Problem 17

Question

Examine the function for relative extrema and saddle points. $$ f(x, y)=(x+y) e^{1-x^{2}-y^{2}} $$

Step-by-Step Solution

Verified
Answer
To verify whether a point is a local minimum, maximum, or saddle point, we first find the first order derivatives. Solve these for zero to get critical points then evaluate the second order derivatives at these points. Combined they make the Hessian determinant, whose sign will classify the critical points into relative extrema and saddle points.
1Step 1: Evaluate first order partial derivatives
The partial derivatives of \(f(x, y)=(x+y) e^{1-x^{2}-y^{2}}\) with respect to \(x\) and \(y\) are: \[ f_x=e^{1-x^{2}-y^{2}}(1-2x^{2}-y)+ (x+y) e^{1-x^{2}-y^{2}} (-2x) \] \[ f_y=e^{1-x^{2}-y^{2}}(1-x^{2}-2y^{2})+ (x+y) e^{1-x^{2}-y^{2}} (-2y) \]
2Step 2: Find critical points
Any point where \(f_x = 0\) and \(f_y = 0\) are simultaneous is a critical point.

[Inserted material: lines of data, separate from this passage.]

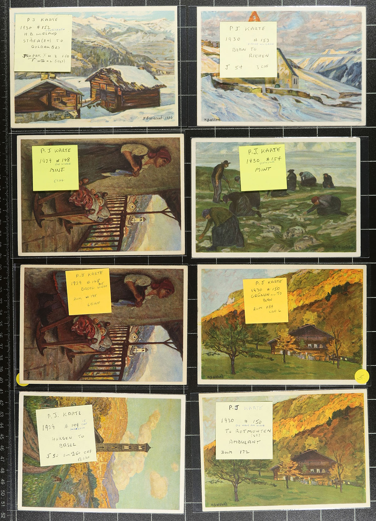 Interesting collection of Switzerland postal stationery and Pro-Juventute cards, 1912-1949, with roughly 160 items in total. We note almost all the items are used, mostly for domestic purposes, but did spot foreign destinations including Cuba, France, United States, Germany, and perhaps more, along with a wide variety of frankings including several semi-postals. Postmark interest includes bridge types, railways, feldpost, slogan, and more. Almost all the cards are sleeved and identified by the owner, with retail prices ranging from $2 to $8 each. A very collectible lot for the picture side, or for the postal history. Estimate =
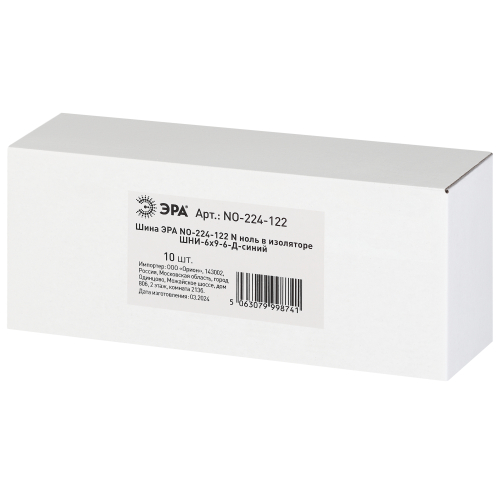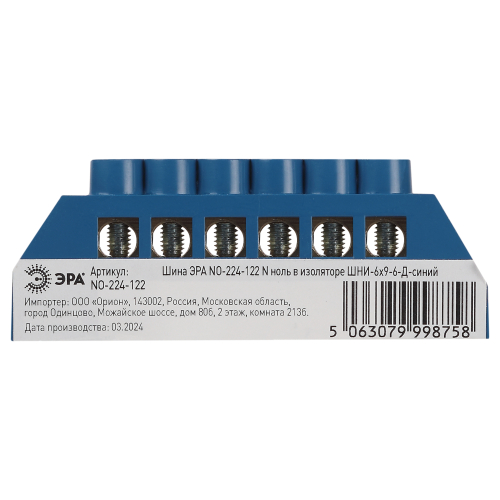 Изделие выполнено из латунной шины сечением 6×9 мм установленной в пластиковый изолятор синего цвета.
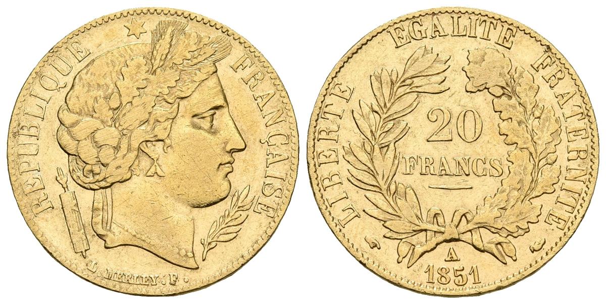 FRANCIA. 20 Francos. (Au. 6,37g/21mm). 1851. París A. (Km#762). MBC-. Limpiada.
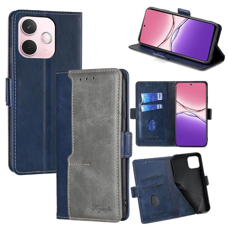 Θήκη τηλεφώνου από δέρμα με πλευρικές αγκράφες και αντίθετα χρώματα για OPPO A5 Pro 5G (Μπλε και γκρι)
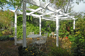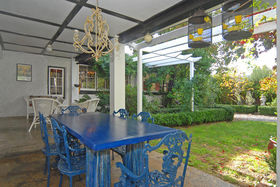 The solid stucco home with shutters framing the paned windows, stands proudly amongst mature trees framing the 1135 sqm garden, lush with lavender, roses, camellias, bougainvillea, buxus hedging and more. This is truly a garden for all seasons.
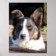 Um belo cão fazenda collie na fronteira foi apanhado escondido atrás de um trailer.
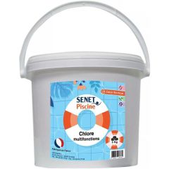 Chlore multifonctions désinfectant, galet de 250 g - Seau de 5 Kg - SENET Piscine
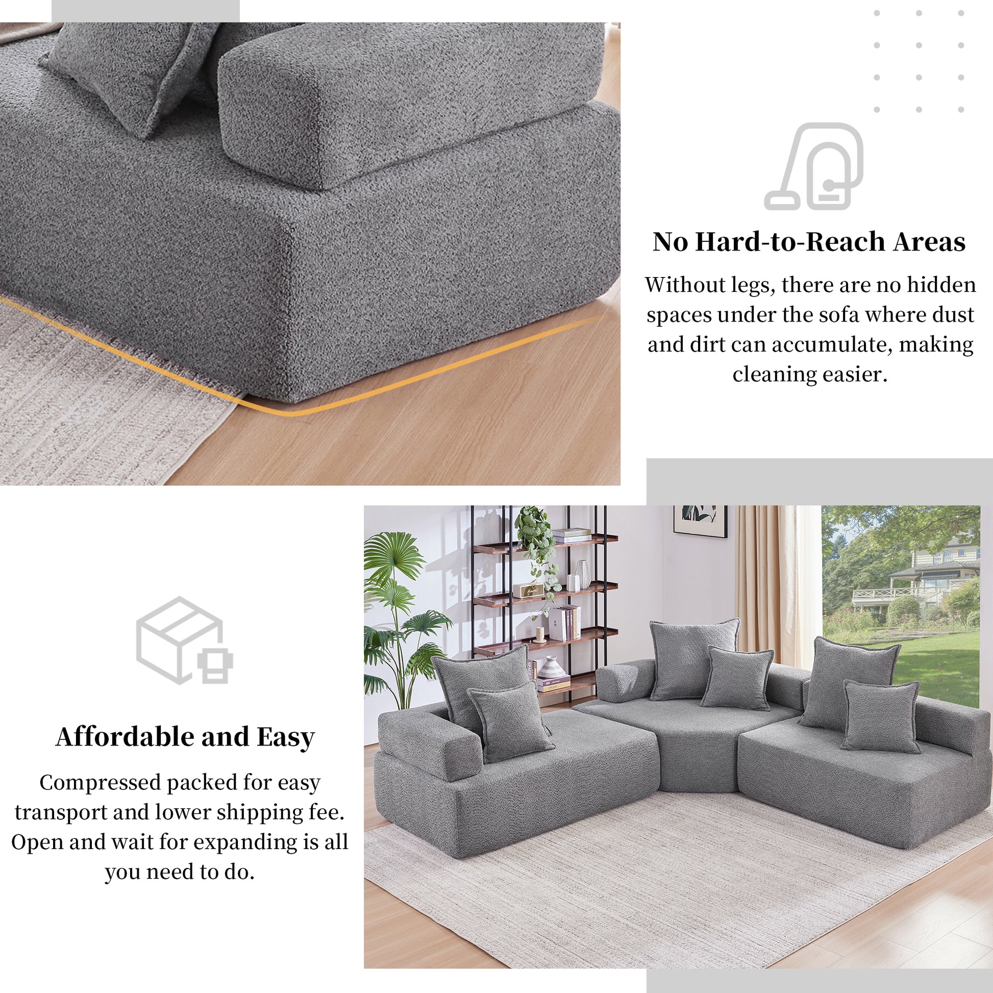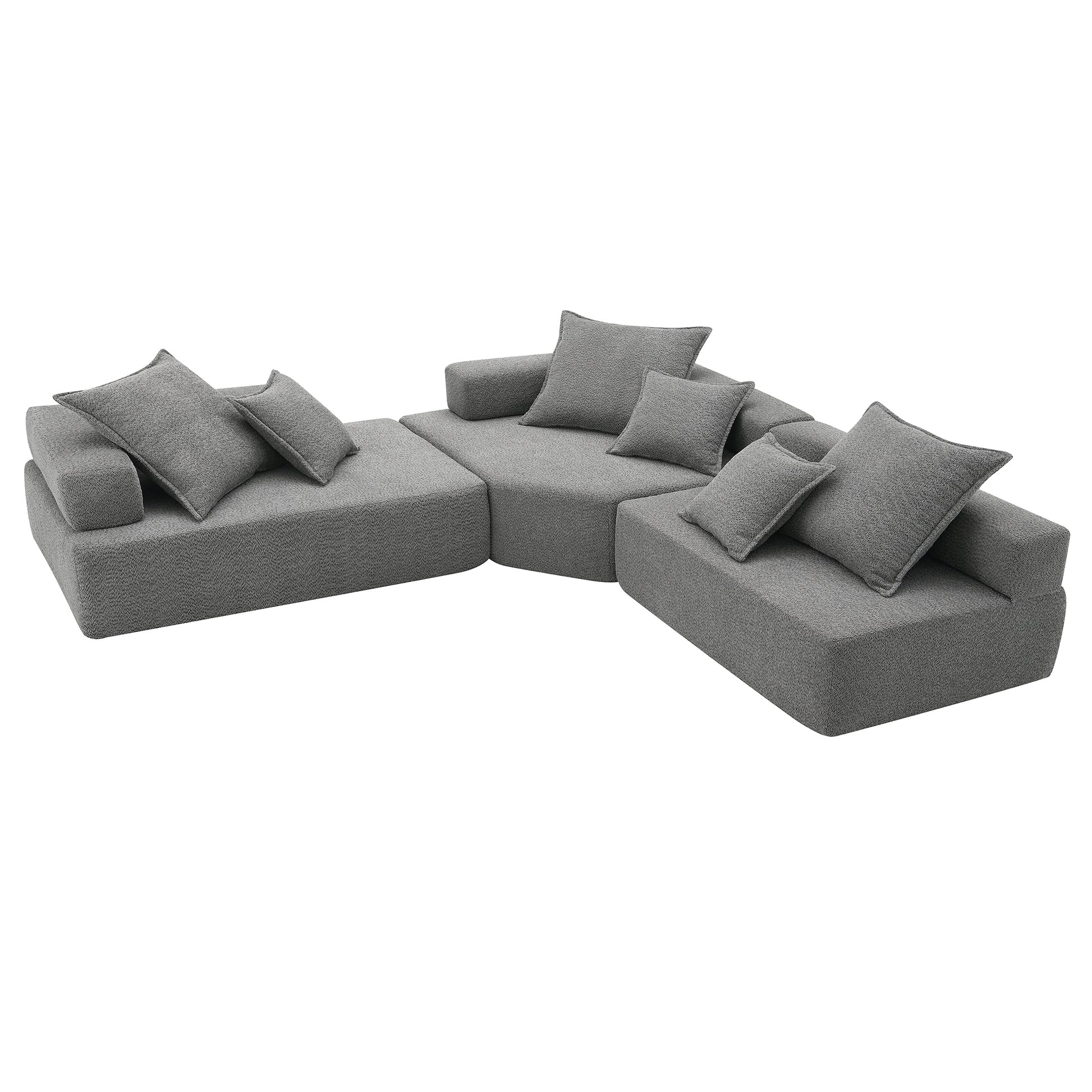 Oversized Modular L Shaped Sectional Sofa,Luxury Boucle Floor Couch Set,Convertible Sleeper Couch,Spacious Foam Filled Sofa Bed For Living Room,3 Pc Free Combination,2 Colors Gray Boucle 5 Seat
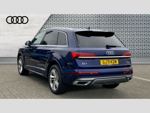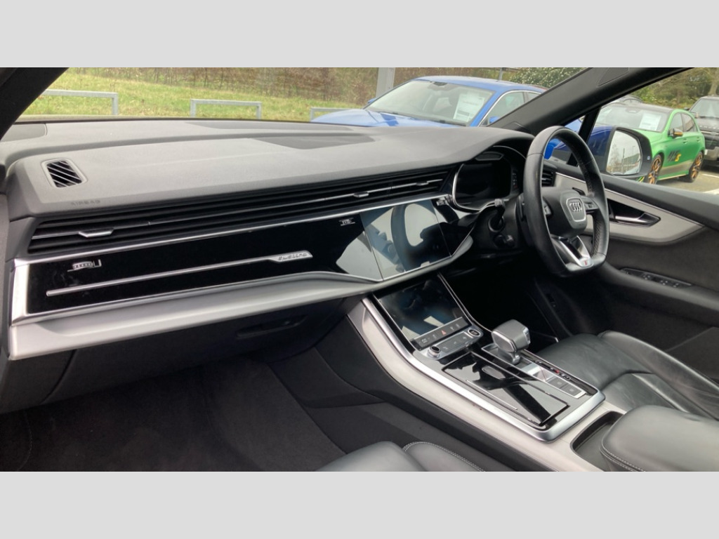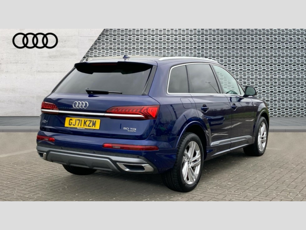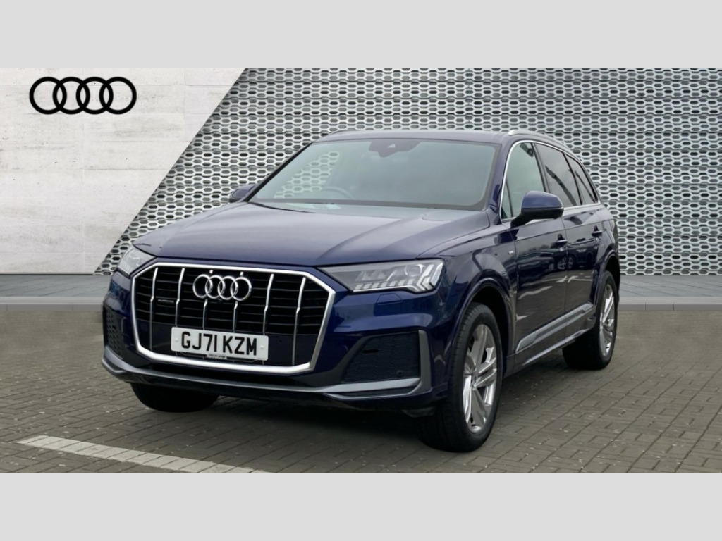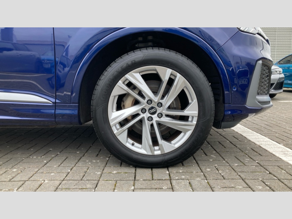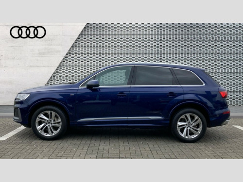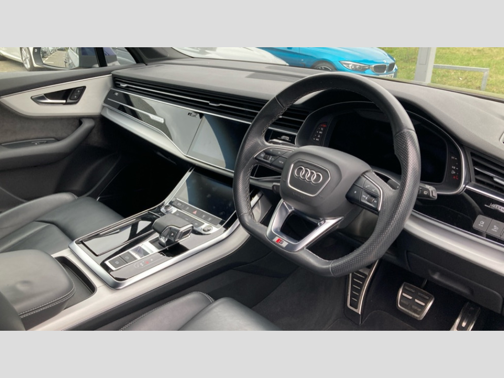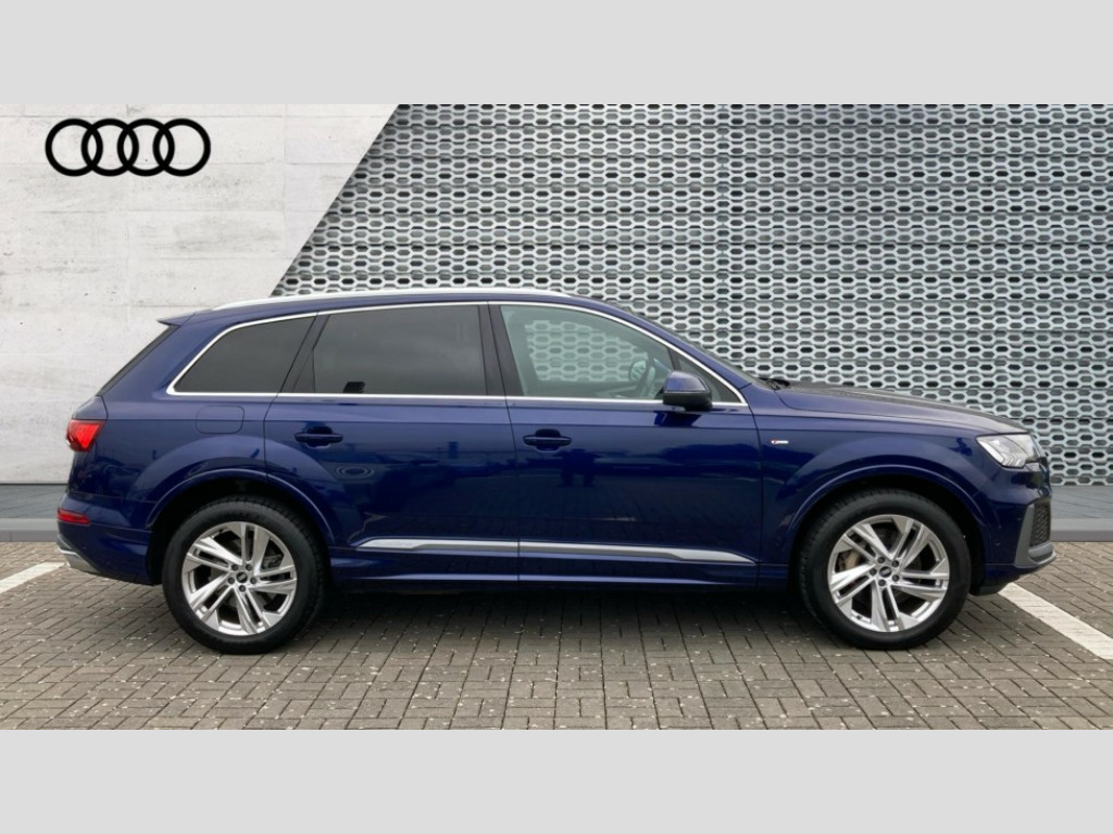 Audi Q7 50 TDI Quattro S Line 5dr Tiptronic Audi connect safety and service (e-call), Audi connect with Amazon Alexa Integration, Audi drive select (Auto, Comfort, Dynamic, Efficiency, Individual, Off-road and All road), Bluetooth interface, Camera based traffic sign recognition, Electromechanical steering, MMI navigation plus with MMI touch screens includes 10.1" and 8.6" screens with haptic feedback, Natural voice recognition, Parking system plus with 360 degree display (front, rear and side sensors) - acoustic and visual park assist system, Power operated tailgate, Rear view camera, Smartphone interface includes wireless Apple carplay/Android Auto, Start/stop system, 48V Mild hybrid technology, Adaptive air suspension, Quattro all wheel drive with self locking centre differential, Audi music interface - front 2 USB-C ports with charger and data functions, Audi sound system with 6 channel amplifier, 180 watt amplifying capacity and 10 loudspeakers including subwoofer, DAB digital radio module, Aluminium roof rails, Aluminium window trim, Audi matrix LED headlights with dynamic front and rear indicators, Auto dimming frameless rear view mirror, Body coloured door mirrors, Electrically adj heated/folding + automatically dimming exterior mirrors with memory + automatic kerb side function for passenger side exterior mirror, Heat insulating glass in windshield, Integrated LED indications in door mirrors, LED daytime running lights, LED rear tail lights, Privacy glass - dark tinted rear and rear side windows from B-pillar backwards, S Line badge on wings, S line bumpers in full body colour paint finish, S line roof spoiler, S line styling side ventilation grilles and side skirts, 2 zone automatic climate control, 7 seat layout with ISOFIX points for the front passenger seat and rear passenger seat, Black cloth headlining, Comfort front centre armrest, Electric adjustable front seat with 4 way lumbar support, driver memory functionality, Folding rear seats, Front head restraints, Front/rear floor mats, Heated front seats, Illuminated door sill trims with S logo, LED interior ambient lighting, Luggage compartment cover, Luggage compartment sill protection in stainless steel, Rear head restraints, Stainless steel pedals, Sunvisors with illuminated vanity mirrors, 3 point seatbelts on all rear seats, Audi pre sense front, Driver and front passenger, front side and curtain airbags, Electromechanical parking brake, Electronic Stabilisation Control (ESC) including ABS, ASR and EDL, Extended pedestrian protection measures, Hill hold assist, Seatbelt monitoring, Tyre pressure loss indicator, Warning triangle and first aid kit, Anti theft alarm, Anti-theft wheel bolts and wheel loosening detection, Keyless Go, Remote central locking, Darkened matt brushed aluminium inlays, Tool kit, Tyre repair kit

Solving these two equations will give us the critical points.
3Step 3: Compute second order partial derivatives
Evaluate second order partial derivatives \(f_{xx}\), \(f_{xy}\), \(f_{yx}\), \(f_{yy}\).
4Step 4: Classify critical points
Use the second partial derivatives to calculate Hessian determinant: \(D= f_{xx}*f_{yy} - f_{xy}*f_{yx}\). If \(D > 0\) and \(f_{xx}>0\), the point is a relative minimum. If \(D > 0\) and \(f_{xx}<0\), the point is a relative maximum. If \(D < 0\), the point is a saddle.

Key Concepts

Critical Points in CalculusSecond Order Partial DerivativesHessian DeterminantMultivariable Calculus
Critical Points in Calculus
Critical points are pivotal in calculus when analyzing a multivariable function like \( f(x, y)=(x+y)e^{1-x^2-y^2} \). They represent the locations on a graph where the function's gradient is zero or where the partial derivatives do not exist. To find critical points, we calculate the function's first-order partial derivatives and determine where they simultaneously equal zero.

For instance, by setting the first-order partial derivatives \( f_x \) and \( f_y \) of our example function to zero, we are effectively searching for coordinate pairs \( (x, y) \) that might mark spots where relative extrema or saddle points occur on the function's surface. These points are where the function changes behavior, and identifying them is a crucial step in function analysis in multivariable calculus.
Second Order Partial Derivatives
Second order partial derivatives are derivatives taken twice with respect to one or more variables, indicating how the rate of change itself changes. In our function \( f(x, y)=(x+y)e^{1-x^2-y^2} \), after finding the critical points, we delve into second order partial derivatives such as \( f_{xx} \), \( f_{xy} \), \( f_{yx} \), and \( f_{yy} \).

These derivatives give us insight into the curvature of the function's graph at the critical points. For example, \( f_{xx} \) and \( f_{yy} \) describe the concavity in each of the x- and y-directions, respectively, while \( f_{xy} \), which should be equal to \( f_{yx} \) based on Clairaut's theorem, represents the curvature in the direction of the slant or mixed partial derivative.
Hessian Determinant
In the context of multivariable calculus, the Hessian determinant is a key indicator used to classify critical points. It is obtained from the matrix of second order partial derivatives, called the Hessian matrix. For our function, the determinant is calculated as \( D = f_{xx}*f_{yy} - (f_{xy})^2 \).

The value of the Hessian determinant informs us of the nature of a critical point. A positive determinant suggests that the point is a local extremum — a minimum if \( f_{xx} > 0 \) and a maximum if \( f_{xx} < 0 \). Conversely, a negative determinant indicates that the critical point is a saddle point. The Hessian thus plays a crucial role in optimizing functions across multiple dimensions.
Multivariable Calculus
Multivariable calculus extends single-variable calculus concepts to functions of several variables, like \( f(x, y) \) in our example. This field allows us to explore more complex real-world systems where outcomes depend on multiple inputs. In essence, while derivative and integral calculus in one dimension gives us rates of change and total accumulation along a single line, multivariable calculus does so along surfaces and within volumes in higher dimensions.

Understanding the behavior of functions within this framework involves tools like gradient vectors, directional derivatives, multiple integrals, and the various theorems interlinking these concepts, such as Green's, Stokes', and the Divergence Theorem. Such extensive analysis aids in predicting and controlling dynamic systems in fields as varied as physics, engineering, and economics.